At a typical session, the client is asked to create visual images in the presence of a qualified art therapist. “This process contributes to the externalization of thoughts and feelings, which may otherwise remain unexpressed,” says Byrne. The therapist may then ask open-ended questions about the artwork to stimulate dialogue. “The artwork serves as a mirror for the client to see their internal world.”

Mimi Tung , head of program design and lead art therapist at the Sovereign Art Foundation flanked by colleagues. (PHOTO PROVIDED TO CHINA DAILY)

A flourishing field

Hong Kong has seen a plethora of artists, NGOs and corporations getting involved in art therapy and expressive arts therapy in recent years. At Kwai Chung Hospital, expressive arts therapy is being used to build motivation and inspiration in 200 adults recovering from mental illness.

Joanna To has been working with NGOs to design and facilitate expressive arts therapy workshops for young people and the general public. Following stints at Tsz Shan Monastery and the Changing Young Lives Foundation, To established Arts for Change, offering individual and group workshops and therapy sessions that integrate expressive arts therapy with meditation.
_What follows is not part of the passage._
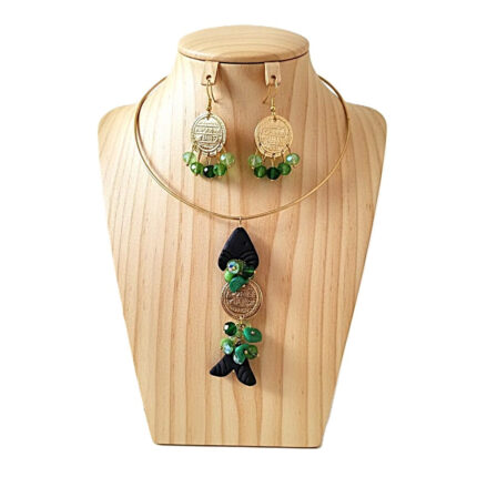 Coffret de Parure design vintage en perles et cuivre trempé dans de l’or Une pièce unique artisanal

Expressive Arts Therapy Experiential Workshops, hosted by M+ museum with University of Hong Kong’s Centre on Behavioral Health. The immersive sessions invite participants to express themselves through visual art, physical movement and creative writing. (PHOTO PROVIDED TO CHINA DAILY)

An experiential art therapy session hosted by the Sovereign Art Foundation. (PHOTO PROVIDED TO CHINA DAILY)

SAF’s flagship program, Make It Better, provides expressive arts workshops to underprivileged and special education needs children. The charity has helped over 10,000 kids and their family members to date. Recent initiatives by the organization include free community-art fun days in residential districts. “Our next goal is to develop a free online expressive arts resource center for the public,” Pinkstone says.

For the curious, workshops such as those being offered at M+ provide a chance for anyone to get a taste of expressive arts therapy. As Ryan says: “Everyone has the capacity to be creative, and inspired by art and artists.”